If you've ever had the thought that some Southerners are a little bit too obsessed with the Civil War, try visiting rural Western Pennsylvania. It's a beautiful place, but that's just the icing on the cake. If you ask around you'll probably find someone who's still obsessed with the Whiskey Rebellion!
This rebellion occurred just after the end of the American Revolution, and it proved that some Americans were still inclined to rebel- and the new government was already ready to meet any attempted rebellion with force. George Washington himself led the force that dispersed the rebels, after a handful of minor skirmishes and a few fatalities.
If anyone ever tried to do anything bad to whiskey, I would lead the rebellion myself, but the Whiskey Rebellion was not fought in defense of whiskey as such. It was actually fought in opposition to a whiskey tax which had angered the Pennsylvania corn farmers. If you were a corn farmer in that time period, turning your corn crop into whiskey was a good way to make a profit from it, and the whiskey tax threatened that.
Even though the Whiskey Rebellion was defeated, opposition to paying a tax on whiskey remains strong to this day in some parts of Appalachia.
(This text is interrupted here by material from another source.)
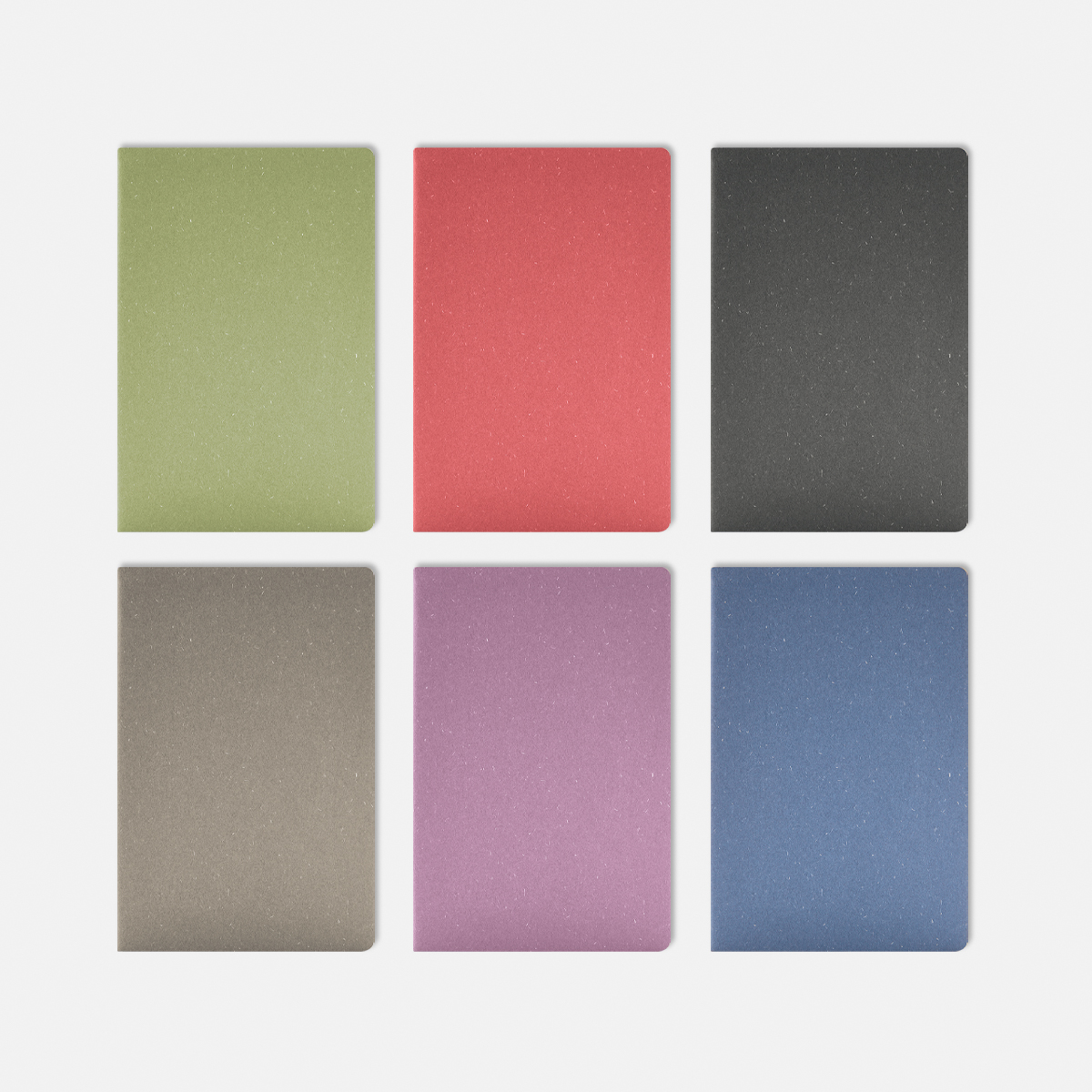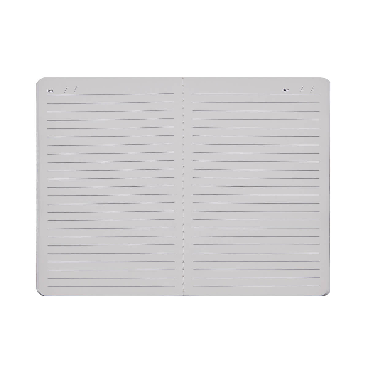 Libreta con 40 hojas de raya. Pasta de cartón de color con borde cocido.
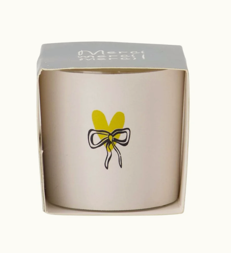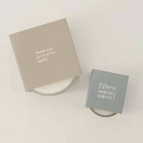Deze Zusss geurkaars is perfect om je woonkamer een gezellige en persoonlijke touch te geven. Het geurkaarsje straalt rust uit met een subtiel design en een zachte kleurcombinatie van wit en grijsblauw. Het kleine kaarsje komt verpakt in een fijne wikkel met de tekst ‘Merci merci merci’, ideaal om dankbaarheid te tonen.

That's the whole reason for moonshining, after all, and for the moonshiners' eternal enmity for the government “revenooer.” On my own visit to Western Pennsylvania, I heard the following conversation over dinner:
“You know, you can legally make the stuff at home now.”
“Yeah, if you wanna get a permit from the FEDERAL GOVERNMENT!!!”
The spirit of the Whiskey Rebellion lives on!